Rosa devia ter trinta e oito anos quando me chamou para viajar para o Rio de Janeiro com ela e seu novo namorado. Eu tinha cerca de treze anos e achei interessante a experiência de viajar de avião sem gastar um real. Acostumada a adormecer as nádegas de tanto ficar sentada no carro até chegar em Duque de Caxias, uma viagem de quarenta e cinco minutos me parecia extremamente sedutora. 

Chegamos no aeroporto e avistei o teco-teco. Era pequeno, cabia no máximo quarenta pessoas. Acho que nunca tinha visto um avião tão pequeno, mesmo não acumulando uma vasta experiência com aviões. Não tinha como desistir, Rosa fazia questão de destacar. Deve ter visto minha careta, eu que sempre fui expressiva. Mas o pior ainda estava por vir. O cara chegou e ela era um magrelinho, franzino, branquelo, uma aparência que não combinava com a ideia de um piloto confiável. Avião e piloto minúsculos, devo ter pensado em silêncio. 

Sim, o namoradinho da Rosa era o piloto e pedia para todo mundo chamar a Rosa de Sra. bláblá, seu sobrenome que não vem ao caso. Tratava Rosa como sua esposa, deixando de chamá-la pelo nome, substituindo este último por seu próprio sobrenome de marido. Ou seja, chamava-a como quem chama por si mesmo. Achei aquilo super estranho. Imediatamente supus que ele era casado e Rosa figurava apenas como a mulher “da vez” desse “porto”. Rosa apenas esbanjava alegria com a possibilidade fantasiosa de ser esposa de alguém. Entramos no avião e o teco-teco balançou, tremeu, chacoalhou uma hora até pousar no Rio. Tínhamos o final de semana todo para aproveitar a visita da família. Ela aproveitaria o passeio com ele e eu faria companhia às minhas primas, nos bailes funks cariocas. 

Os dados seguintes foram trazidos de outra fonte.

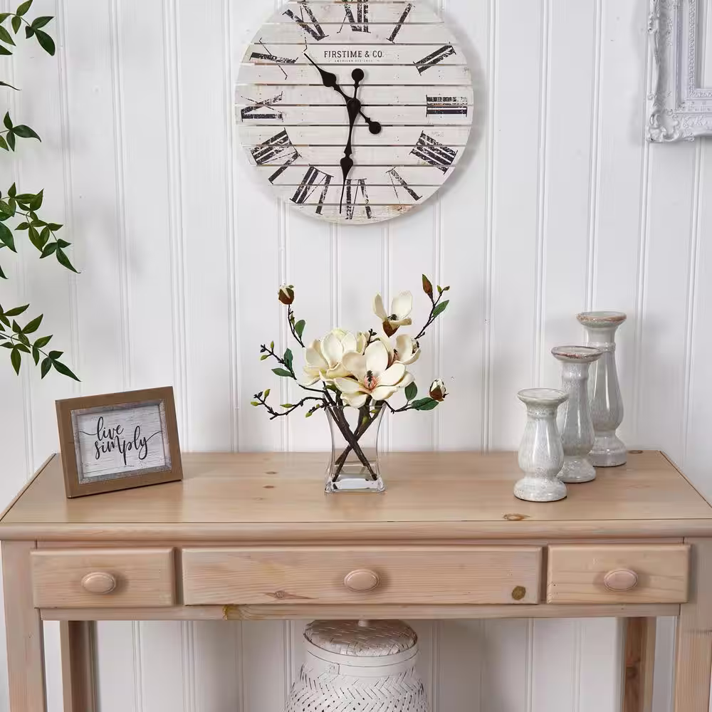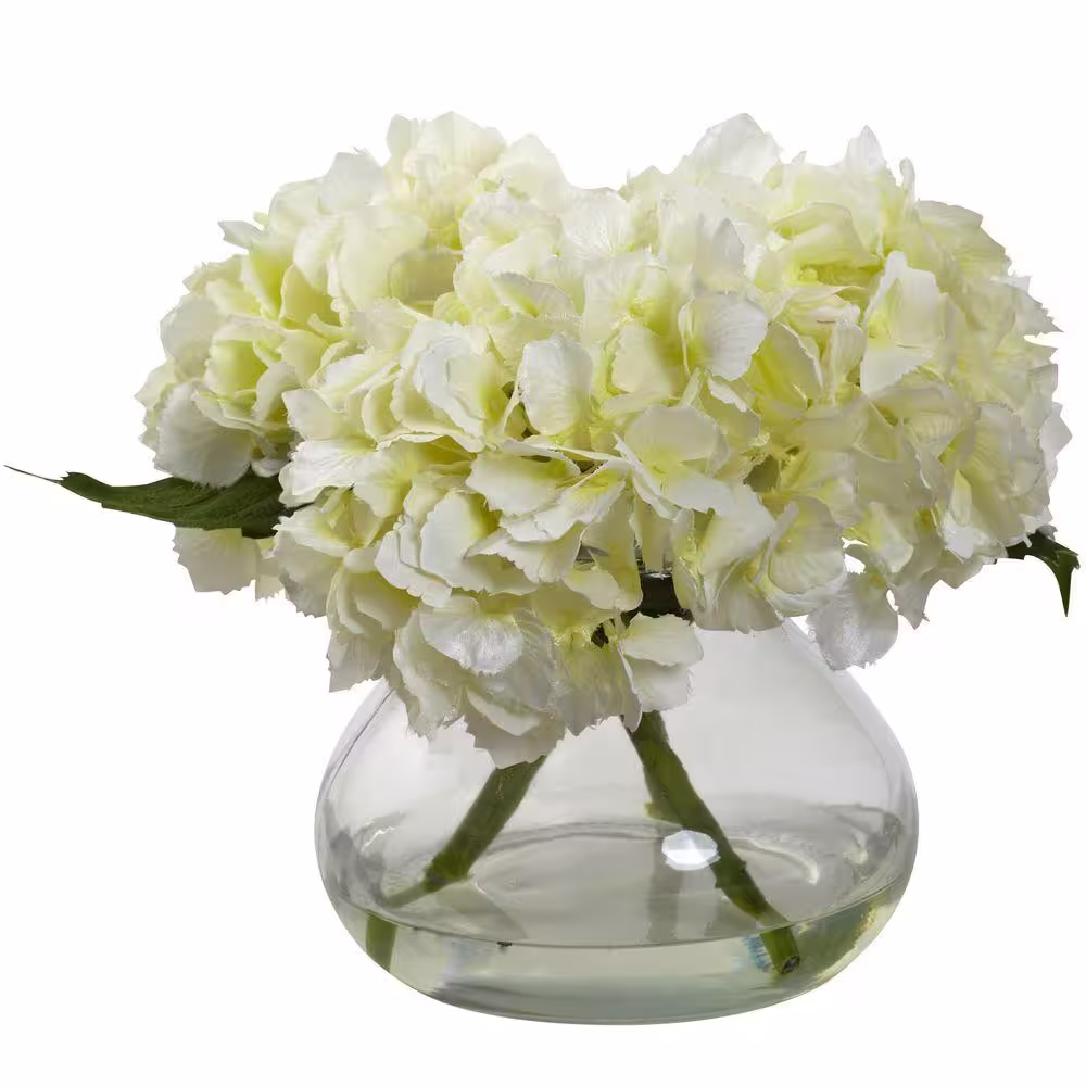 Nearly Natural 23 in. H White Large Hydrangea with Vase Silk Flower Arrangement

Dois dias depois era domingo e já havia começado mal. Fomos avisadas que nosso retorno seria de ônibus, pois o piloto não havia conseguido vagas para nós duas no voo de volta. Fiquei meio puta, porque não tinha assinado esse contrato de retorno para viajar de ônibus. Mas logo fui entender que alguma coisa ruim tinha acontecido entre Rosa e o pilotinho, mas nunca me autorizei a perguntar. Eu só tinha treze anos e se uma mulher adulta, supostamente madura, não poderia garantir nosso ticket de volta, quem seria eu para questionar qualquer problema.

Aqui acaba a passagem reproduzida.